The 2018 CFL season was the 65th season of modern-day Canadian football. Officially, it was the 61st Canadian Football League season. Edmonton hosted the 106th Grey Cup on November 25, 2018. The CFL announced that this season will move to a 21-week regular season (previously a 20-week season) to increase player rest time and reduce short turnaround-times for games. Given the change, the regular season began on June 14, 2018, one week earlier than usual, and concluded on November 3, 2018.

==CFL news in 2018==
===Salary cap===
According to the new collective bargaining agreement, the 2018 salary cap will be set at $5,200,000 (average of $113,043 per active roster spot). As per the agreement, the cap is fixed and will not vary with league revenue performance. The minimum player salary is $54,000. This will be the last season under the current CBA with this deal expiring May 15, 2019, or the first day of the 2019 training camp, whichever comes first.

===Free agency===
The 2018 free agency period began on Tuesday, February 13, 2018, at 12pm EST. All players eligible for free agency are unrestricted free agents, as is customary in the league.

===New ball===
On March 19, 2018, the CFL announced that it would introduce a new football for the 2018 season. The new ball, produced by Wilson Sporting Goods, matches the specifications of the ball used in the National Football League and uses the "slightly harder" Horween leather used in that league, but with the CFL's laces and its characteristic white striping.

===CFL Week===
Following the success of the week-long league and prospect showcase in March 2017, the league announced on September 9, 2017, that Mark's CFL Week would return and would be hosted by Winnipeg. The event took place from Thursday March 22 to Sunday March 25, 2018, and was highlighted by the CFL National Combine: In which, 52 2018 CFL draft eligible prospects competed. The festivities were held at the RBC Convention Centre in Winnipeg. Similar to last year's installment, over 50 current players attended for fan engagement and media photo shoots. The 2018 Canadian Football Hall of Fame inductees (Scott Flory, Barron Miles, Tommy Hugo, Hank Ilesic, Brent Johnson, Frank Cosentino, and Paul Brule) were announced during a gala and the CFL Rules and Competition Committee meetings were held.

===Schedule===
On September 13, 2017, the league announced that the 2018 season would have a 21-week regular season schedule rather than the 20-week schedule used from 2004 to 2005 and 2014 to 2017 when the league had nine teams. This will be the longest, in terms of calendar days, that a CFL season has been. In this model, there will be 18 four-game weeks and three three-game weeks. Every team will have three bye weeks, up from the previous eight teams with two bye weeks and one team with three (while playing two games in one week). This change was also a probable result of the backlash received for the 2017 Ottawa Redblacks season schedule that saw the team play 17 games over the first 17 weeks and have their byes in weeks 18 and 20. Ottawa also had to play three games in 11 days as did the Toronto Argonauts, due to the five-game week in week 5.

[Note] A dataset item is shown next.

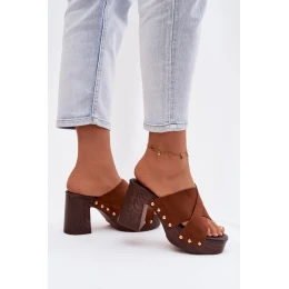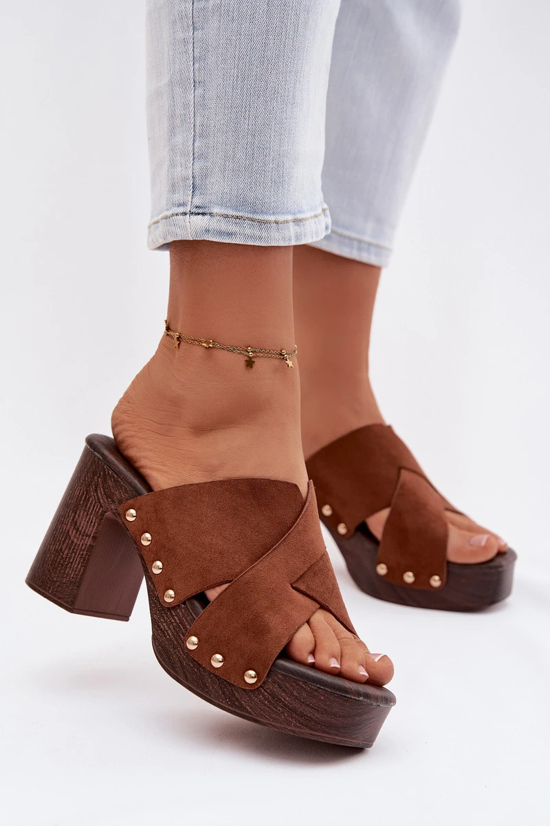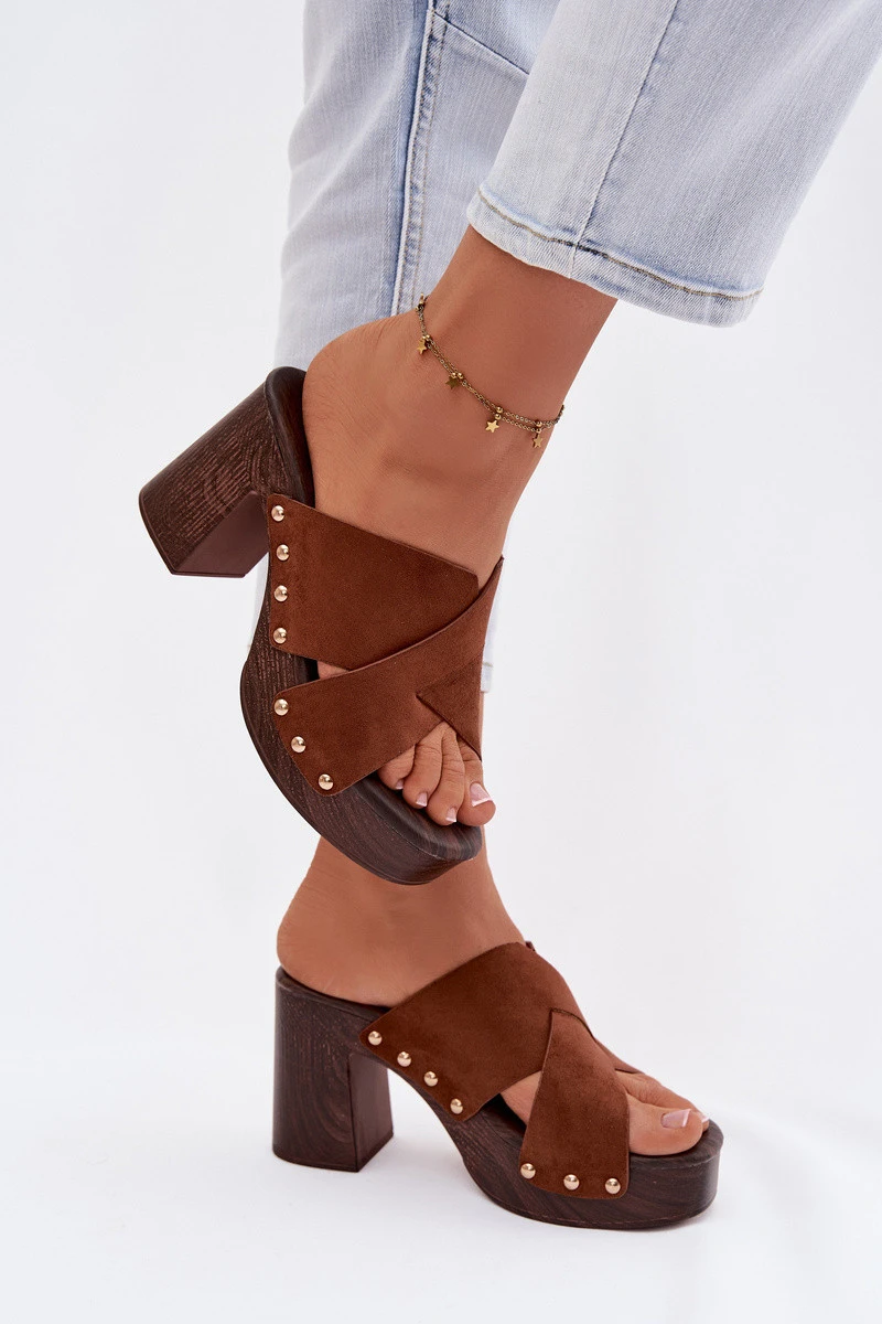 Dámské pantofle na podpatku typu sloupek a platforma jsou návrhem pro ženy, které mají rády výrazné detaily. Pásky vyrobené z eko semiše. Zlaté cvočky tvoří módní, poutavý akcent. Stabilní sloupek v kombinaci s platformou zajišťuje pohodlí při nošení a jistotu kroku, přičemž zdůrazňuje siluetu. Tento model se skvěle hodí do letních stylizací – jak na běžné nošení, tak na večerní výlety. Při výběru velikosti se řiďte tabulkou velikostí.

On December 14, 2017, the CFL released the 2018 season schedule, which was almost two months earlier than in years past. The season opening game was hosted on June 14 by the Winnipeg Blue Bombers, the first time they have hosted that game since the 2014 season. The Grey Cup rematch, hosted by the Argonauts, took place in week 2, which was the first time since 2013 that it was not featured in week 1. Three-game weeks will take place in weeks 5, 9, and 14 as three teams will have byes during those weeks.

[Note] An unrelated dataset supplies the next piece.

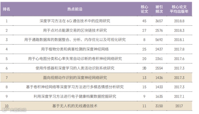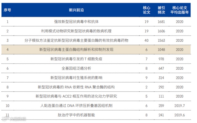 注:表中标黄为重点热点前沿(下同)

There are four triple headers, all occurring on Saturdays and after the Labour Day Classic games, presumably to avoid playing games on Sundays and interfering with TSN's broadcast of National Football League games. There are also 11 double headers this year, with one on a Thursday, three on Fridays, five on Saturdays, and two on Mondays (the traditional Labour Day and Thanksgiving contests). Other than the two Holiday Monday games, all games this season are played between Thursday and Sunday. This will be the fourth straight season to showcase Thursday Night Football with 10 of the first 11 weeks featuring Thursday night games, with every team hosting at least once. For the first time since 2014, there are not only all intra-divisional games in the last week of the regular season, but those games are also featured in the last three weeks of the regular season (which also occurred in 2014). There are nine home-and-home series, with the Argonauts playing the most, with four. The Hamilton Tiger-Cats have a delayed home-and-home series with the Saskatchewan Roughriders as both teams have a bye during week 5 (in which case, the Tiger-Cats also have four such series).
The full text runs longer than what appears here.